Neural Time-Aware Sequential Recommendation by Jointly Modeling Preference Dynamics and Explicit Feature Couplings.

出版信息

IEEE Trans Neural Netw Learn Syst. 2022 Oct;33(10):5125-5137. doi: 10.1109/TNNLS.2021.3069058. Epub 2022 Oct 5.

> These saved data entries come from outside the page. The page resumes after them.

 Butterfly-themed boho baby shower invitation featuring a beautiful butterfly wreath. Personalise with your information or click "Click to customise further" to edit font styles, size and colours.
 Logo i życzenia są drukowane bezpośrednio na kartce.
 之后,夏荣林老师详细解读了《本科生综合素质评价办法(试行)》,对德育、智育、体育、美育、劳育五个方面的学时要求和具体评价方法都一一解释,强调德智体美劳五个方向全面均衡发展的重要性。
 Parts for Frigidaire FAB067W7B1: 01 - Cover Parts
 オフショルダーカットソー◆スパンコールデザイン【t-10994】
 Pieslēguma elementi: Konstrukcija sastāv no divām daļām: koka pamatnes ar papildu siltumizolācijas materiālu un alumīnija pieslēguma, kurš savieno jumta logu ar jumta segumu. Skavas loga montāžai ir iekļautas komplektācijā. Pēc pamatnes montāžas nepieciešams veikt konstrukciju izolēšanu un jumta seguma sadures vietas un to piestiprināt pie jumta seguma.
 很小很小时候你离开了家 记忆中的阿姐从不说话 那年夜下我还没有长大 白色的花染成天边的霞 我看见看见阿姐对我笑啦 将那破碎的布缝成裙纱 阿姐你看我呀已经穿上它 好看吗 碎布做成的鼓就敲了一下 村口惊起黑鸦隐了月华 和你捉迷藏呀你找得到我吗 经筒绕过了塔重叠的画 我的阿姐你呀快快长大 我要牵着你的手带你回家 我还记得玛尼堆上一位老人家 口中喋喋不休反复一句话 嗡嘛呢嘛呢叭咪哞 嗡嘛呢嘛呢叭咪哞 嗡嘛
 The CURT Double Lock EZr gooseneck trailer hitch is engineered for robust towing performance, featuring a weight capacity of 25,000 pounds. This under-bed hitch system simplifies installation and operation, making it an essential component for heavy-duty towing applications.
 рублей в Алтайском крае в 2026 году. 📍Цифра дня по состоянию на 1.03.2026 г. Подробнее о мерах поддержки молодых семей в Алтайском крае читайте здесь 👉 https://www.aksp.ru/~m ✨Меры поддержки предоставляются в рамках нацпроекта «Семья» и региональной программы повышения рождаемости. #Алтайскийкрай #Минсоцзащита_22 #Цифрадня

DOI:10.1109/TNNLS.2021.3069058
PMID:33852391
Abstract

In recommendation, both stationary and dynamic user preferences on items are embedded in the interactions between users and items (e.g., rating or clicking) within their contexts. Sequential recommender systems (SRSs) need to jointly involve such context-aware user-item interactions in terms of the couplings between the user and item features and sequential user actions on items over time. However, such joint modeling is non-trivial and significantly challenges the existing work on preference modeling, which either only models user-item interactions by latent factorization models but ignores user preference dynamics or only captures sequential user action patterns without involving user/item features and context factors and their coupling and influence on user actions. We propose a neural time-aware recommendation network (TARN) with a temporal context to jointly model 1) stationary user preferences by a feature interaction network and 2) user preference dynamics by a tailored convolutional network. The feature interaction network factorizes the pairwise couplings between non-zero features of users, items, and temporal context by the inner product of their feature embeddings while alleviating data sparsity issues. In the convolutional network, we introduce a convolutional layer with multiple filter widths to capture multi-fold sequential patterns, where an attentive average pooling (AAP) obtains significant and large-span feature combinations. To learn the preference dynamics, a novel temporal action embedding represents user actions by incorporating the embeddings of items and temporal context as the inputs of the convolutional network. The experiments on typical public data sets demonstrate that TARN outperforms state-of-the-art methods and show the necessity and contribution of involving time-aware preference dynamics and explicit user/item feature couplings in modeling and interpreting evolving user preferences.

摘要

在推荐系统中,无论是静态的还是动态的用户对物品的偏好,都嵌入在用户与物品的交互(例如,评分或点击)及其上下文之中。顺序推荐系统(SRS)需要根据用户和物品特征之间的耦合以及用户对物品的连续动作,共同涉及到这种上下文感知的用户-物品交互。然而,这种联合建模并不简单,对现有的偏好建模工作提出了很大的挑战,因为这些工作要么只通过潜在因素模型来建模用户-物品交互,而忽略了用户偏好的动态变化,要么只捕捉到了顺序用户行为模式,而没有涉及用户/物品特征以及它们对用户行为的耦合和影响。我们提出了一种带有时间上下文的神经时间感知推荐网络(TARN),用于联合建模:1)通过特征交互网络来表示静态用户偏好;2)通过定制的卷积网络来表示用户偏好的动态变化。特征交互网络通过其特征嵌入的内积,对用户、物品和时间上下文的非零特征之间的成对耦合进行因式分解,同时缓解了数据稀疏性问题。在卷积网络中,我们引入了一个具有多个滤波器宽度的卷积层,以捕获多倍的顺序模式,其中注意平均池化(AAP)获得显著的、跨度较大的特征组合。为了学习偏好动态变化,我们使用一种新颖的时间动作嵌入,将物品和时间上下文的嵌入作为卷积网络的输入来表示用户动作。在典型的公共数据集上的实验表明,TARN 优于最先进的方法,并展示了在建模和解释不断变化的用户偏好时,考虑时间感知的偏好动态变化和显式的用户/物品特征耦合的必要性和贡献。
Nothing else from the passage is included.